→ Your goal:
Exact copy, no pictures: return only the lines below from the line with "Em um Allianz" up to and including the line with "DISEWAKAN Luas Tanah".

→ Entries provided:
+---+

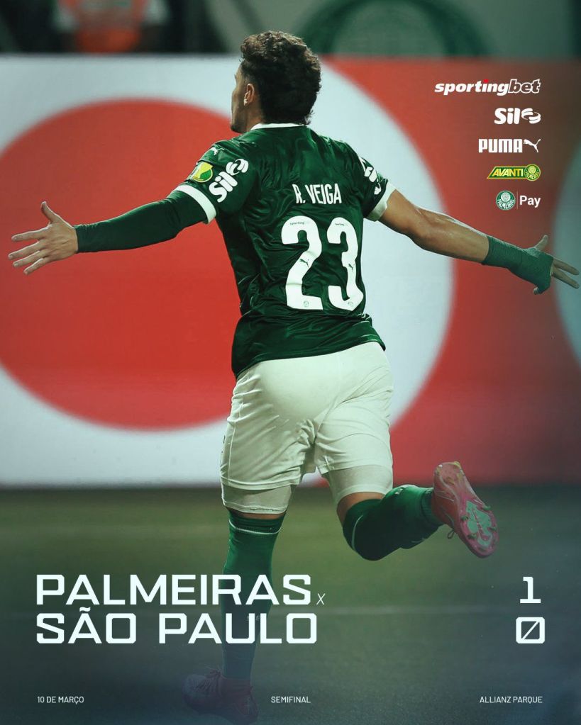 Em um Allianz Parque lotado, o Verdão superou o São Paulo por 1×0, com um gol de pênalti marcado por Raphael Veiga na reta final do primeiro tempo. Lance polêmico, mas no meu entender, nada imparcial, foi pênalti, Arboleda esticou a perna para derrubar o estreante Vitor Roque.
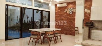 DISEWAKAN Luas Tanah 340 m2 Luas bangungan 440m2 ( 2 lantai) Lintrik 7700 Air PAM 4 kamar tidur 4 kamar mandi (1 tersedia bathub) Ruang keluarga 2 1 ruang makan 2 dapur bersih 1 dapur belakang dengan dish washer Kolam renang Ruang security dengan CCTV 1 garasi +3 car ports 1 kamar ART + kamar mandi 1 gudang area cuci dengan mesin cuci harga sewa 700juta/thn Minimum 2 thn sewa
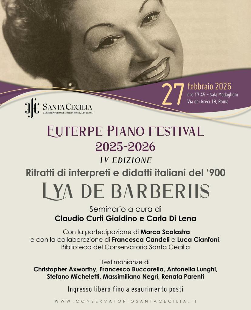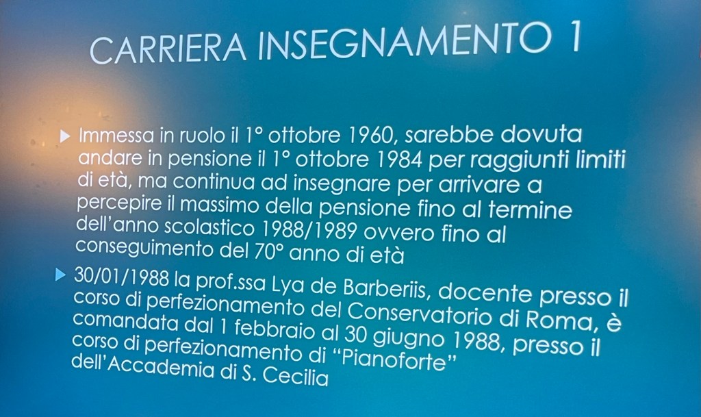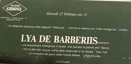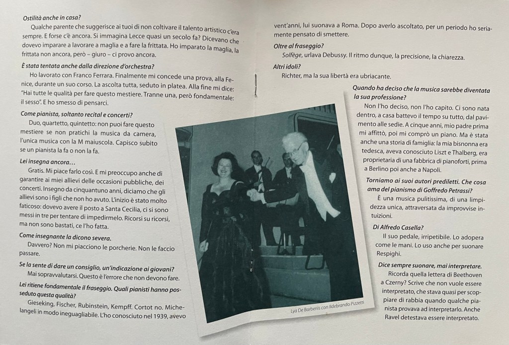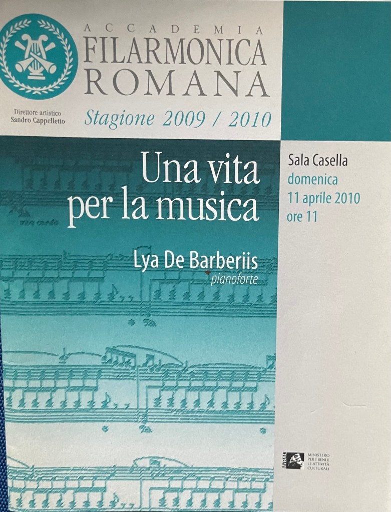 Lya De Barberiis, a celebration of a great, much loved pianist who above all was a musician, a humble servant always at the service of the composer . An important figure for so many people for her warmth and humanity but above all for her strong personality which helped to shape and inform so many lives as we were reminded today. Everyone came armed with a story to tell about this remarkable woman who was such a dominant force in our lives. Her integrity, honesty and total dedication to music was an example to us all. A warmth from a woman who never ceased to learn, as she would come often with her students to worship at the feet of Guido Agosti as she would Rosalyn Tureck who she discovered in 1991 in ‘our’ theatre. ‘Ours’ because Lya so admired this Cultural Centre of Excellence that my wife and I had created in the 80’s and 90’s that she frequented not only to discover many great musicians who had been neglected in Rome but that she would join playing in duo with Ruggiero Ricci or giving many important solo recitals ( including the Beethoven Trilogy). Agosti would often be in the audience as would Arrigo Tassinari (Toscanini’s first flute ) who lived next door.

+---+

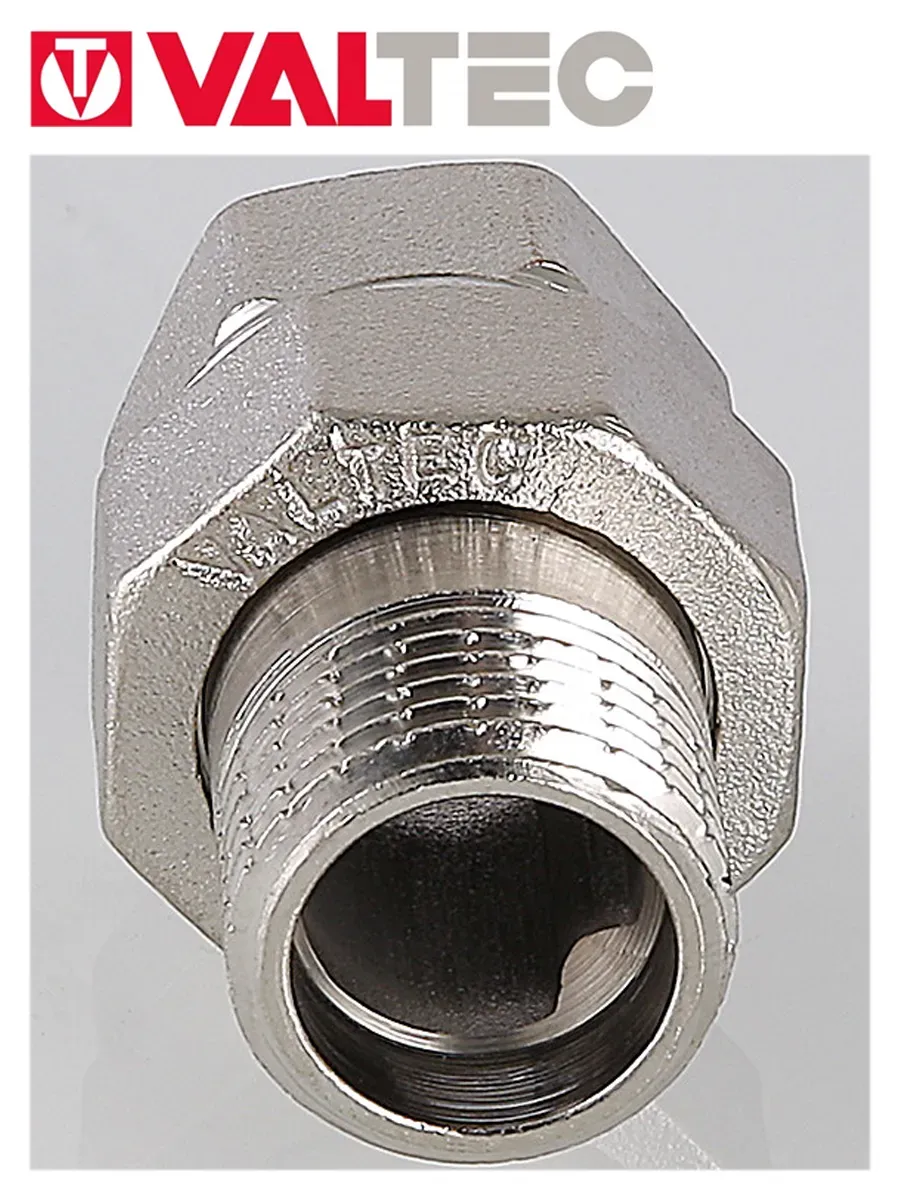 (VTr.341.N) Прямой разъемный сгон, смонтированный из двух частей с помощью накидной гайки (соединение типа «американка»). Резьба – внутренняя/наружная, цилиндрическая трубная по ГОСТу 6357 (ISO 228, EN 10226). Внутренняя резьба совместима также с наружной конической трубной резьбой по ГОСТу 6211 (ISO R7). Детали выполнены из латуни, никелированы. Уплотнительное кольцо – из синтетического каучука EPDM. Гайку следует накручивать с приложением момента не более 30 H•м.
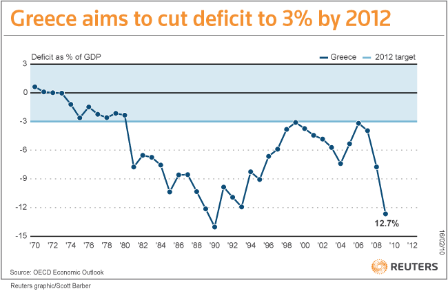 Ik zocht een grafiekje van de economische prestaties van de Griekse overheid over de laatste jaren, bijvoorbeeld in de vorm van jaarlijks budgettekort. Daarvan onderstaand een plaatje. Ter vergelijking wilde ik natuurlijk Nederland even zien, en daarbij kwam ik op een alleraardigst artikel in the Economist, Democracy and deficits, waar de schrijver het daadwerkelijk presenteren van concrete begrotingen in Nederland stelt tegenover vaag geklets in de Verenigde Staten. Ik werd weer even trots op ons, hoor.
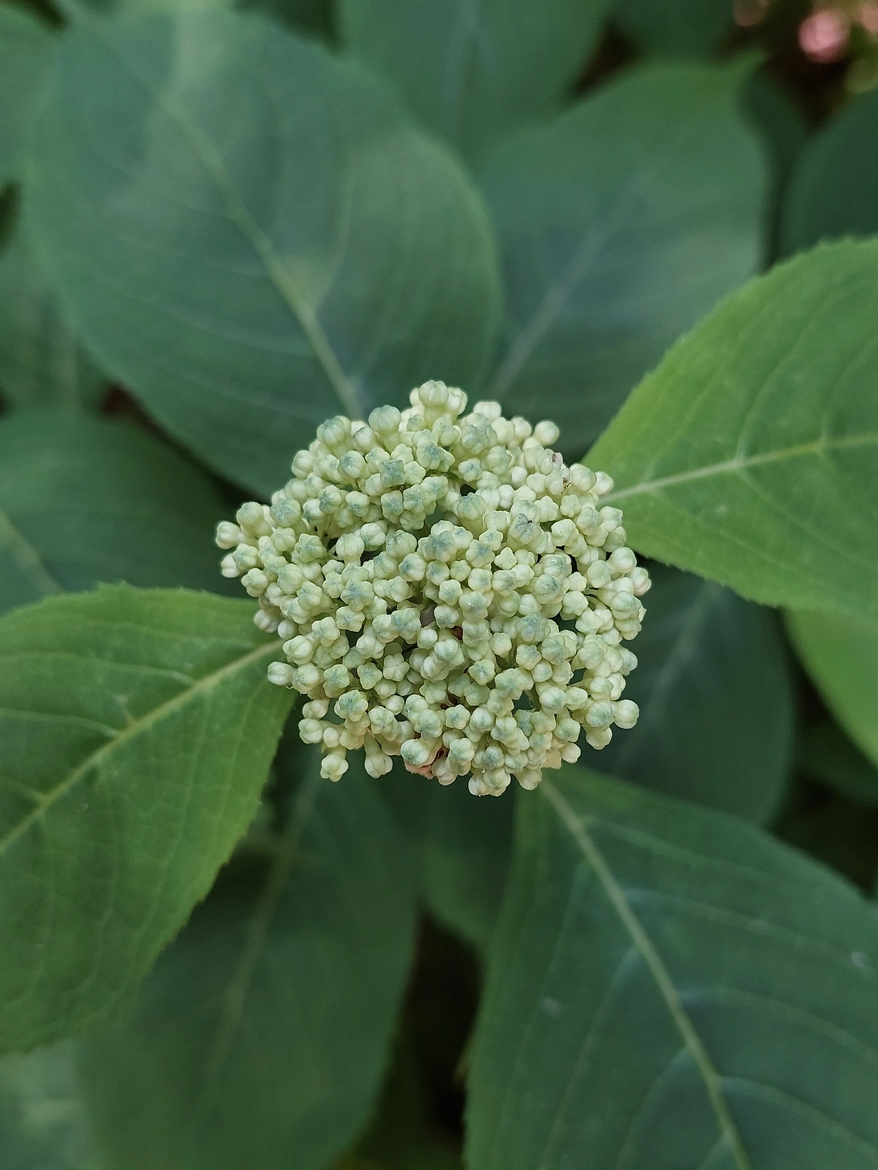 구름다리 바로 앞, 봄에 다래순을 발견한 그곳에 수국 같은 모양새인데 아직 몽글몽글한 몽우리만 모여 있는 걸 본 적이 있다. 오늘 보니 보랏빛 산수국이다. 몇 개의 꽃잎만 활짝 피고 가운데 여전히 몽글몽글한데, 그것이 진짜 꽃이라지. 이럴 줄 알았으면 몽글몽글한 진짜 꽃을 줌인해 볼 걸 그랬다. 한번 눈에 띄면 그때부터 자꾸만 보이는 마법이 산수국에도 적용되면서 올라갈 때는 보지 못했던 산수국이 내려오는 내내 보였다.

+---+

→ Your response:
 Em um Allianz Parque lotado, o Verdão superou o São Paulo por 1×0, com um gol de pênalti marcado por Raphael Veiga na reta final do primeiro tempo. Lance polêmico, mas no meu entender, nada imparcial, foi pênalti, Arboleda esticou a perna para derrubar o estreante Vitor Roque.
 DISEWAKAN Luas Tanah 340 m2 Luas bangungan 440m2 ( 2 lantai) Lintrik 7700 Air PAM 4 kamar tidur 4 kamar mandi (1 tersedia bathub) Ruang keluarga 2 1 ruang makan 2 dapur bersih 1 dapur belakang dengan dish washer Kolam renang Ruang security dengan CCTV 1 garasi +3 car ports 1 kamar ART + kamar mandi 1 gudang area cuci dengan mesin cuci harga sewa 700juta/thn Minimum 2 thn sewa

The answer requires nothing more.